Heterologous ar-Cenhancers function in the notochord of zebrafish
To test whether the sequence similarity observed between ar-C enhancers of different lineages of vertebrates is also indicative of conserved tissue-specific enhancer function, we carried out transgenic analysis of enhancer activity in microinjected zebrafish embryos. We utilized a minimal promoter construct (containing an 0.8 kilobase [kb] upstream sequence from the transcriptional start site with activity similar to the -563shha promoter described by Chang and coworkers [67], linked to green fluorescent protein (GFP) reporter. Transient mosaic expression of GFP was measured as read-out of reporter construct activity by counting fluorescence-positive cells in the notochord and floor plate, where the ar-C enhancer is active, in the trunk of 1-day-old embryo (Table 1). This approach was a reliable substitute for the generation of stable transgenic lines, as reflected by the identical results obtained with transient analysis and stable transgenic lines made for a subset of the constructs used in this study (Additional data file 1).

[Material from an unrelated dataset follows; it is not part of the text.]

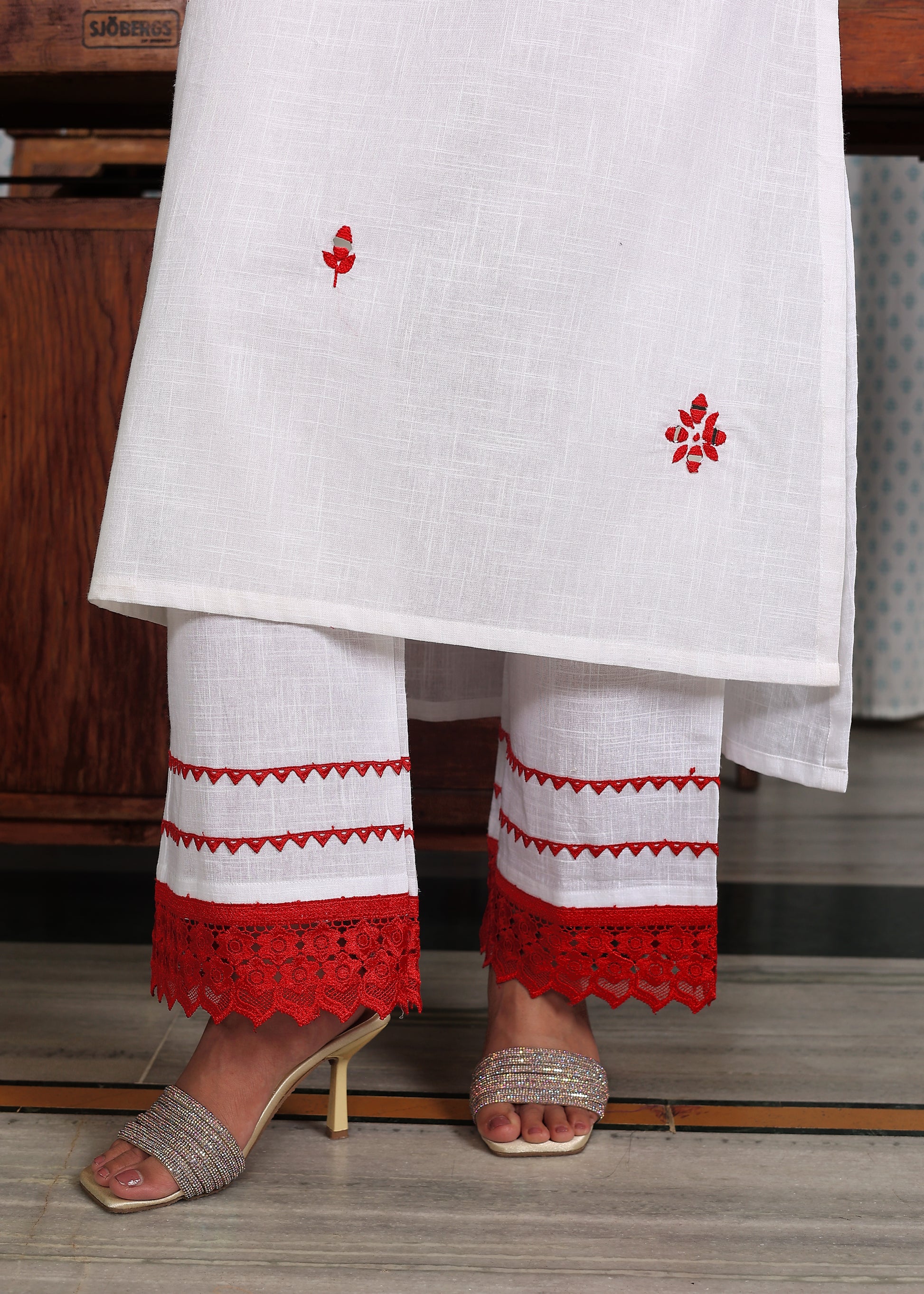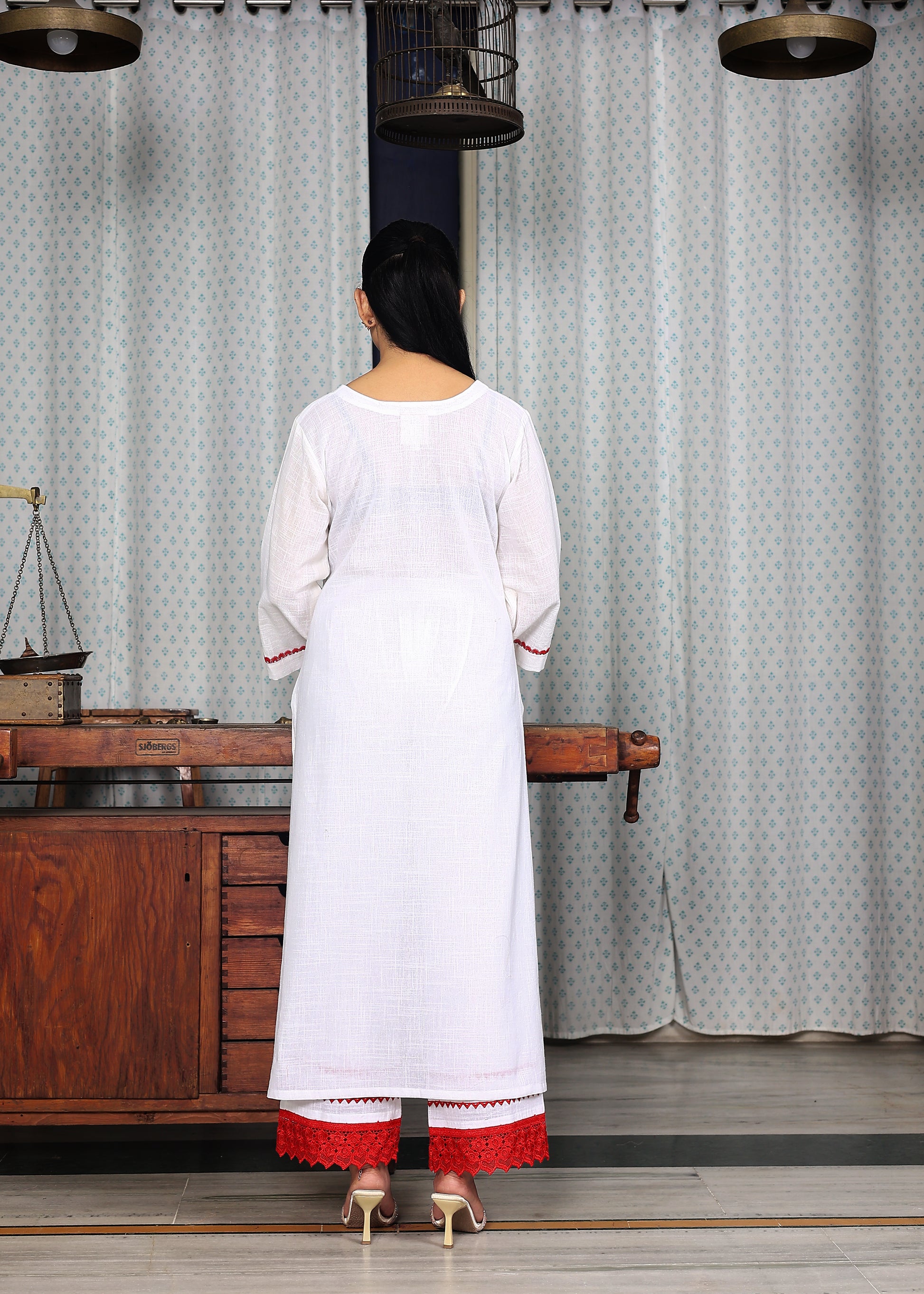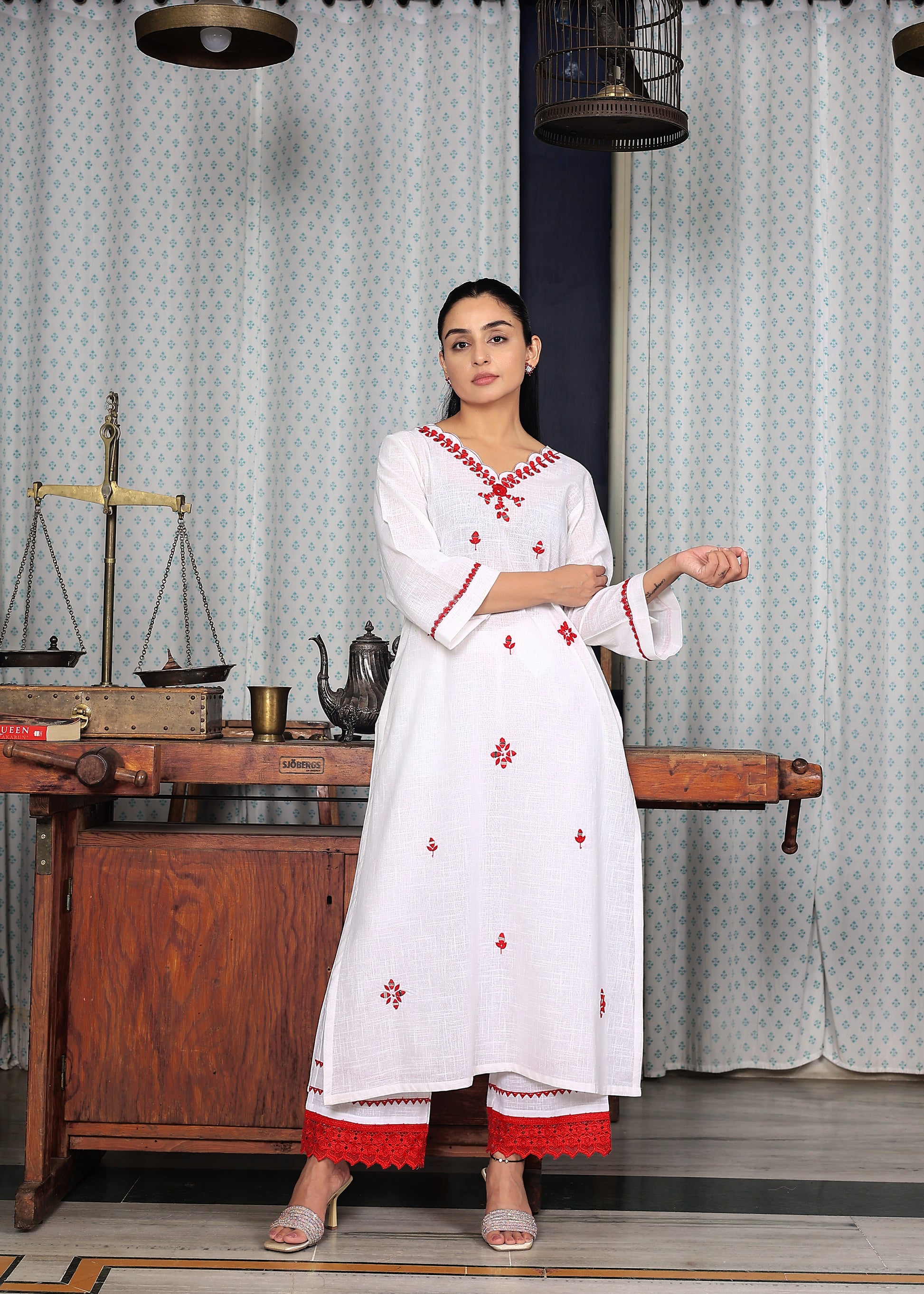 "Meet Jhalak — a striking red kurta set where tradition meets timelessness. Handcrafted in soft cotton, detailed with intricate hand embroidery and delicate handwork that catches the light, just like a fleeting glimpse of grace."

As described previously, the zebrafish ar-C enhancer is primarily active in the notochord and only weakly in the floor plate (Figure 2c). Intron 2 sequences of tench, chick, and Latimeria shh genes gave strong enhancer activity in the notochord (Figure 2d-f). However, the mouse intron 2 (with the SFPE2 enhancer) was found to be inactive in zebrafish (data not shown), suggesting that SFPE2 had functionally diverged during mammalian/mouse evolution either at the cis-regulatory or the trans-regulatory level. All together, these data indicate a high degree of functional conservation between ar-C sequences among vertebrates.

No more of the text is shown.